Instead it just comes off as more of Disney's "we don't need planning we're a multi-billion dollar franchise" approach to Star Wars.
On the one hand, Empire and Jedi hardly resemble Lucas's original outline, and even with planning, and a goal set in stone, the PT still fudged the execution.

OTOH, yeah, not having at least a vague idea of where they wanted the characters to go, and how the plot should get them there, is the ST's cardinal sin, but it was only the end result of a franchise-wide issue at Disney. They do have some people like Dave Filoni deftly ruling over their particular fiefdoms, but the kingdom as a whole is fractured and driven more by focus groups than by narrative goals, like Feige's MCU was.

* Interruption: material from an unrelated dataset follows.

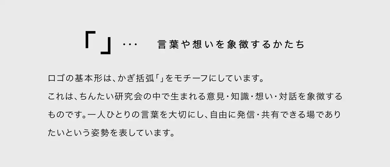 | ロゴの基本形は、かぎ括弧「 」をモチーフにしています。これは、ちんたい研究会の中で生まれる意見、知識、想い、対話を象徴するものです。一人ひとりの言葉を大切にし、自由に発信・共有できる場でありたいという姿勢を表現しています。 | ||||

And now, with the ST actors burning their bridges with Disney to express their (justified) anger and discontent with how their characters were handled, it's hard to defend anything from the film part of the franchise.
 

Sarcasmorator

Same as I ever was
(He/him)
dunna dun dunna dun dun dunnnn
dunna dunnn da dunna dun
dunna dun dunna dun dun DUNNNN
dunna DUNNN da dunna dun
bwah bwah
bwah bwah
bwah bwaaaaammm
 

Phantoon

I cuss you bad
If they'd given him the Rise Of Skywalker script, 20 minutes and a crayon we'd have got an infinitely better film
 
If they'd given him the Rise Of Skywalker script, 20 minutes and a crayon we'd have got an infinitely better film

Maybe I'm biased but I just find Star Wars works better for TV shows where it has more room to breath, so I'd see even those 20 minutes as a misuse of time.